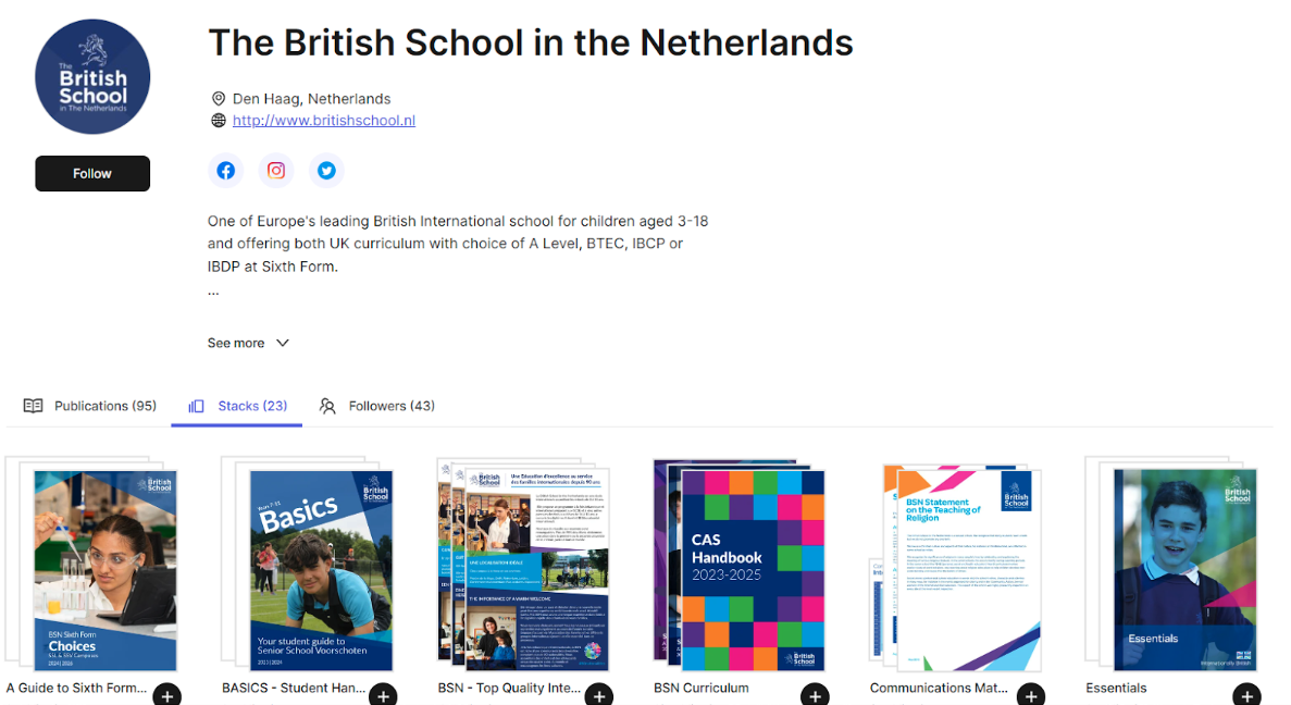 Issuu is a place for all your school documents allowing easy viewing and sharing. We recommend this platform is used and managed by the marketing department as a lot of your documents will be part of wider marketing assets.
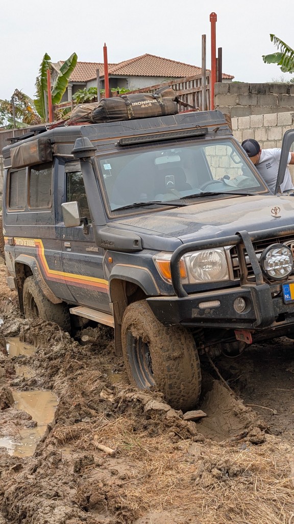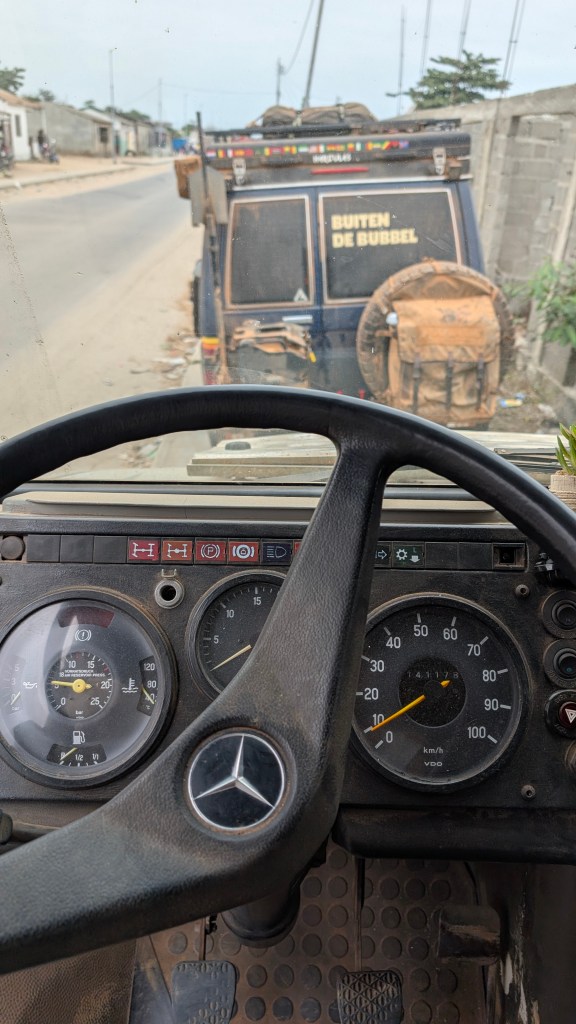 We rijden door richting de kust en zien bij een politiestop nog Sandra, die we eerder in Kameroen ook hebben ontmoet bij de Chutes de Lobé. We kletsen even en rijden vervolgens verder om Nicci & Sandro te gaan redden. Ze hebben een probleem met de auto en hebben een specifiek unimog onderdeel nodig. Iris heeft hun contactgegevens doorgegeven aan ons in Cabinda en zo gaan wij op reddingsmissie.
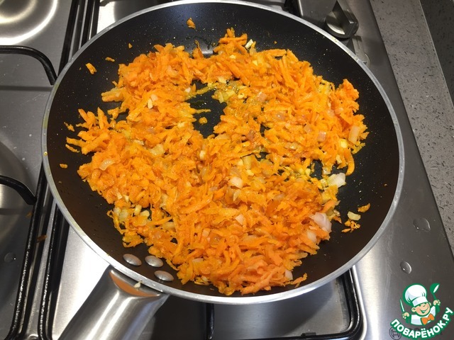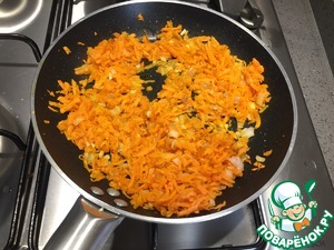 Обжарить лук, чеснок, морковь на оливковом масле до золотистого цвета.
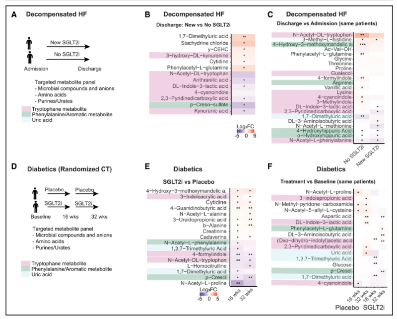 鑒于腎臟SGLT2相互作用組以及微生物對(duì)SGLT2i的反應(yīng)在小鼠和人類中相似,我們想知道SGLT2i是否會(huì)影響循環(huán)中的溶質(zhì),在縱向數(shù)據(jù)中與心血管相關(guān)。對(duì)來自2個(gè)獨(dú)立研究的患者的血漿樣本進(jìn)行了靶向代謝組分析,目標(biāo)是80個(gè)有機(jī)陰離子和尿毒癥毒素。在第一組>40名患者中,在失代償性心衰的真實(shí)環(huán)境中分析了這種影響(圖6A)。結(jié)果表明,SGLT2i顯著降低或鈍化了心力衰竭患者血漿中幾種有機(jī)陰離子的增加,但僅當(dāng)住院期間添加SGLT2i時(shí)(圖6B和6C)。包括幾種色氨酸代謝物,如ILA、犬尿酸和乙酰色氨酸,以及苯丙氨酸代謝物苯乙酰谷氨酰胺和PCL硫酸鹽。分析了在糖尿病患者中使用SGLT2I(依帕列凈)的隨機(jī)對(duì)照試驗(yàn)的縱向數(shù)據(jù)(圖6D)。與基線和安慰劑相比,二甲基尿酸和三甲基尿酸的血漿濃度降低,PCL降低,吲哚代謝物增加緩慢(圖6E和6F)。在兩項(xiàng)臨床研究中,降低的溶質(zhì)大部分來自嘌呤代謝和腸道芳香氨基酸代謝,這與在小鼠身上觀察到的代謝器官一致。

** Problem details **
Reproduce exactly, with no pictures, the lines above from the one holding "We rijden door" to the one holding "Обжарить лук, чеснок, морковь", inclusive.

** Answer area **
 We rijden door richting de kust en zien bij een politiestop nog Sandra, die we eerder in Kameroen ook hebben ontmoet bij de Chutes de Lobé. We kletsen even en rijden vervolgens verder om Nicci & Sandro te gaan redden. Ze hebben een probleem met de auto en hebben een specifiek unimog onderdeel nodig. Iris heeft hun contactgegevens doorgegeven aan ons in Cabinda en zo gaan wij op reddingsmissie.
 Обжарить лук, чеснок, морковь на оливковом масле до золотистого цвета.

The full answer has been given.